Dans ses premières années, l'Internationale communiste a une conception et une pratique très proche de la "révolution permanente" trotskiste. Si elle prend note du retard économiques des "pays arriérés", elle y défend que même des tâches "petite-bourgeoises" comme la réforme agraire peuvent être réalisées sans s'en remettre aux nationalistes bourgeois, et que « les masses des pays arriérés, conduites par le prolétariat conscient des pays capitalistes développés, arriveront au communisme sans passer par les différents stades du développement capitaliste[4]

Le programme de 1928 de l'Internationale communiste évoque la possibilité que des pays où le capitalisme n'existe pas ou quasiment pas, d'un passage direct au socialisme à condition d'une aide des autres pays où le prolétariat a vaincu[5].

6 Conceptions socialistes différentes

6.1 Conception anarchiste

L'anarchisme et ses différents courants ne donnent pas une vision définie de la révolution. Pour nous c'est précisément parce que c'est une idéologie métaphysique qui ne peut saisir la dynamique historique. Les anarchistes ont pour point commun de rejeter l'intervention des partis et de prôner "l'abolition de l'État", mais tandis que certains, spontanéistes, comptent sur le débouché naturel d'un mouvement de révolte sur la révolution, d'autres, anarcho-syndicalistes, envisagent le syndicat comme la cellule de base de la future organisation sociale, d'autres, proudhoniens, préconisent le mutuellisme pour faire "tâche d'huile", etc...

6.2 Conception blanquiste

Du nom de Louis-Auguste Blanqui, révolutionnaire du XIXème siècle qui fomentait avec ses hommes de confiance des complots, visant à s'emparer du pouvoir par un coup d'État. C'est une vision qui fait bien sûr complètement abstraction de l'auto-organisation des masses, et qui est partiellement rattaché au courant du socialisme utopique.

6.3 Conception castriste/guévariste

Aussi appelée foquisme, c'est l'idée que la révolution peut découler de l'extension d'une guerrilla qui renverserait le pouvoir.

6.4 Conception réformiste

Les réformistes rejettent par définition l'idée de révolution, et prétendent changer la société graduellement, accédant à l'État par les élections et défendant des réformes sociales. Cependant la nature réformiste/révolutionnaire d'un parti est parfois ambigüe, et aux ambiguités théoriques correspondent souvent des ambiguités sémantiques, comme "transformer révolutionnairement la société", "défendre un projet de société révolutionnaire"...

7 Tentatives historiques

Différentes tentatives de révolution socialiste ont eu lieu, mais ont toutes échoué, à différents stades. Apprendre des erreurs commises alors est d'une importance cruciales pour les communistes.

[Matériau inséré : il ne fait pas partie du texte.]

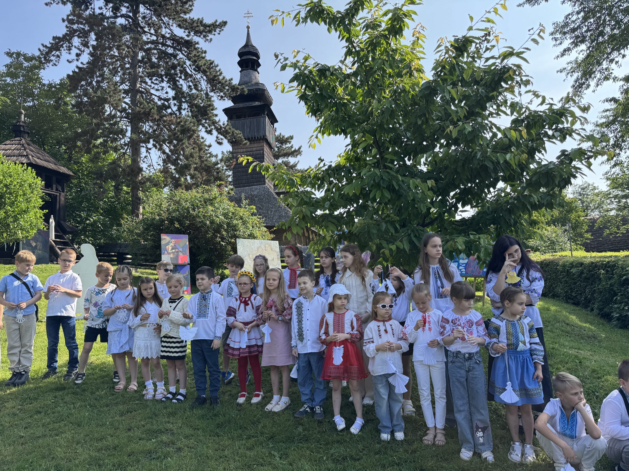 У межах акції в скансені відкрили тематичну експозицію дитячих малюнків, плакатів та інсталяцію з покинутими іграшками біля старовинної школи. Особливо зворушливою стала виставка дитячого одягу минулих століть – як міст між поколіннями, що свідчить про тяглість дитинства, яке повинно бути щасливим і безпечним.
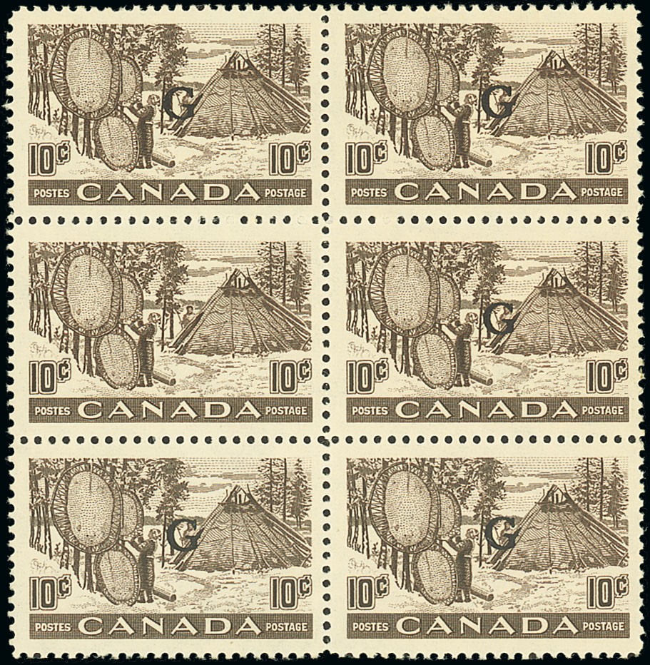 1950-51 10c. brown-purple, block of six (2x3), the third stamp variety overprint omitted, unmounted mint, fine. S.G. O191a, £950+. Photo
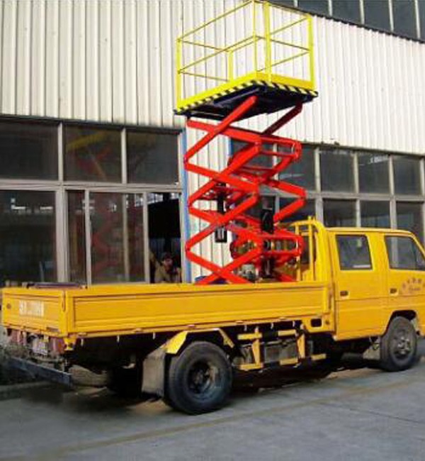 車載剪叉式升降機是集四輪移動與二輪牽引式于一身,采用汽車底盤做平臺底架,利用汽車發(fā)動做動力,既可行駛又可驅(qū)動升降機。車載剪叉式升降機以小型貨車(汽車)或電瓶車為載體,移動靈活迅速,操作簡單,作業(yè)范圍廣。車載剪叉式升降機采用剪式升降結(jié)構(gòu),剪叉結(jié)構(gòu)采用優(yōu)質(zhì)矩形錳鋼管制作,整體強度高,載重量大,升降穩(wěn)定性好,廣泛用于城建、油田、交通、市政、室外廣告等行業(yè)。

  • La Commune de Paris (1871) fut la première expérience substantielle, mais sans direction politique, ce qui causa son écrasement sanglant par la réaction.
  • La Révolution d'Octobre fut la première victoire d'une révolution socialiste dans un pays, mais l'extension internationale de la révolution échoua, ce qui condamna le nouvel État ouvrier à la dégénerescence.
  • La révolution allemande fut un immense espoir, mais il lui manqua une direction politique aguerrie. Elle révéla aussi tragiquement que l'opportunisme conduit les socialistes dans le camp réactionnaire en de telles circonstances.
  • La révolution espagnole fut également un grand moment d'auto-organisation des prolétaires, mais les anarchistes qui en étaient la force motrice la conduirent malgré eux à l'échec.
  • La révolution chinoise de 1927 fut littéralement tuée par la politique internationale de l'Internationale stalinisée.